→ **What the task requires**
Retype, word for word, only the lines from the one containing "2016-2018 Sigma Chapter" through the last line of the listing below. Pictures do not belong in the result.

→ **Data excerpt**

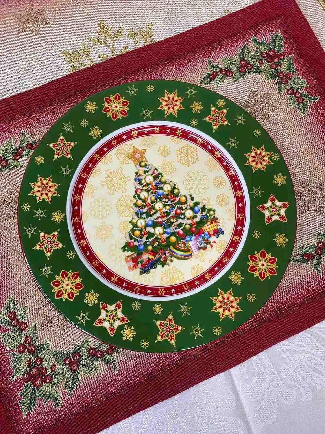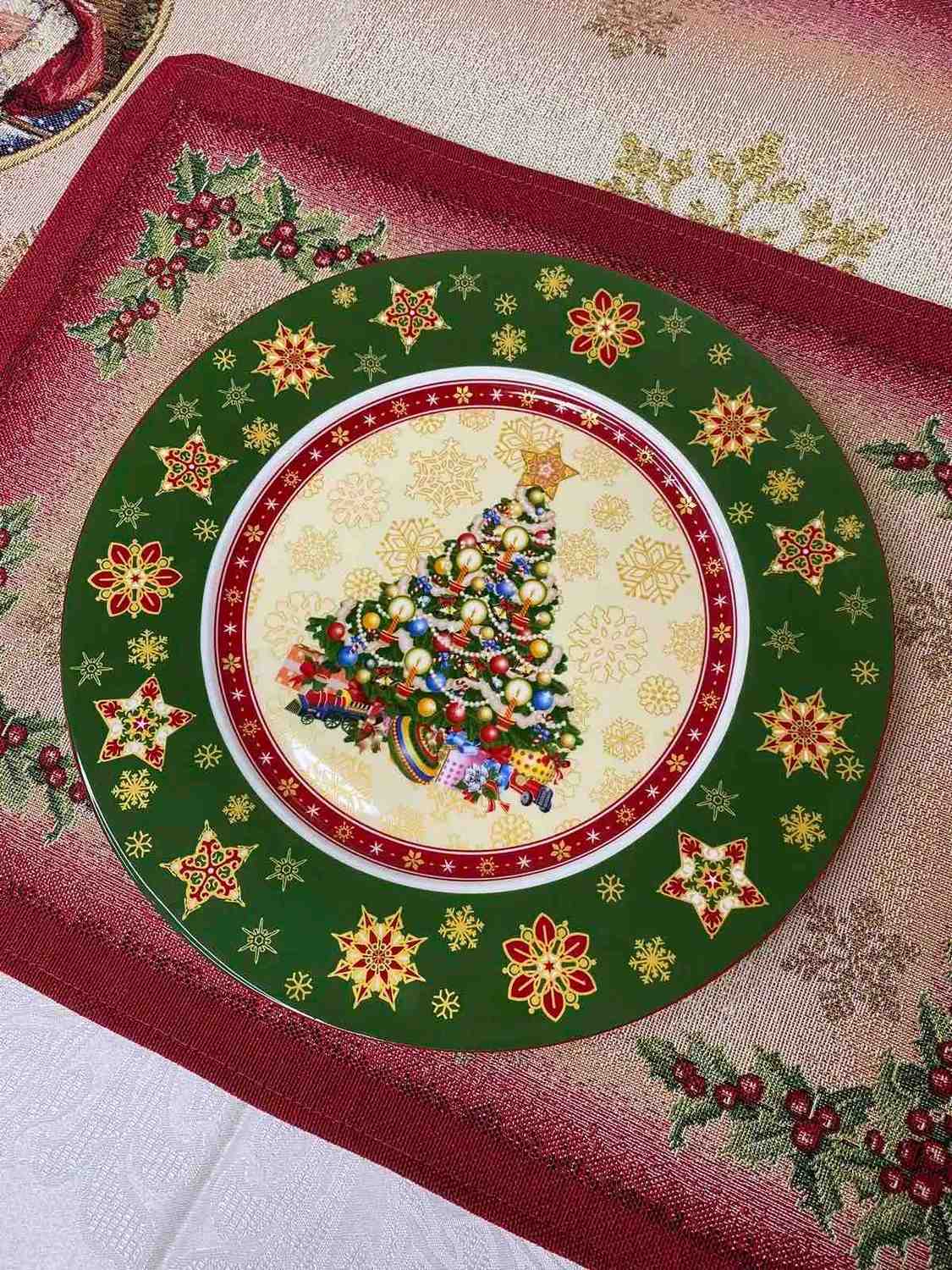 Фарфорові тарілки Christmas Collection із зеленим фоном і різдвяною ялинкою в центрі наповнюють оселю відчуттям тепла й радості. Яскравий малюнок із золотими сніжинками та червоними зірочками додає сервіровці виразності та святкового настрою. Такий посуд створює затишок і підкреслює особливість сімейних зустрічей.
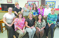 2016-2018 Sigma Chapter Officers of Alpha Delta Kappa. Seated: Co-Historian Megan Johnson, Corresponding Secretary MaeBeth Robinson, Co-President Kristen Lance, Treasurer Shelia Canipe, Co-President Jeanne Ellis. Standing: Co-Presidents-Elect Allyson Camp
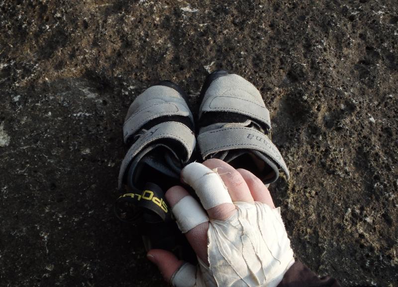 岩は花崗斑岩で、手を入れるとギザギザしておりテーピング(指も)必携。

→ **Solved problem**
 2016-2018 Sigma Chapter Officers of Alpha Delta Kappa. Seated: Co-Historian Megan Johnson, Corresponding Secretary MaeBeth Robinson, Co-President Kristen Lance, Treasurer Shelia Canipe, Co-President Jeanne Ellis. Standing: Co-Presidents-Elect Allyson Camp
 岩は花崗斑岩で、手を入れるとギザギザしておりテーピング(指も)必携。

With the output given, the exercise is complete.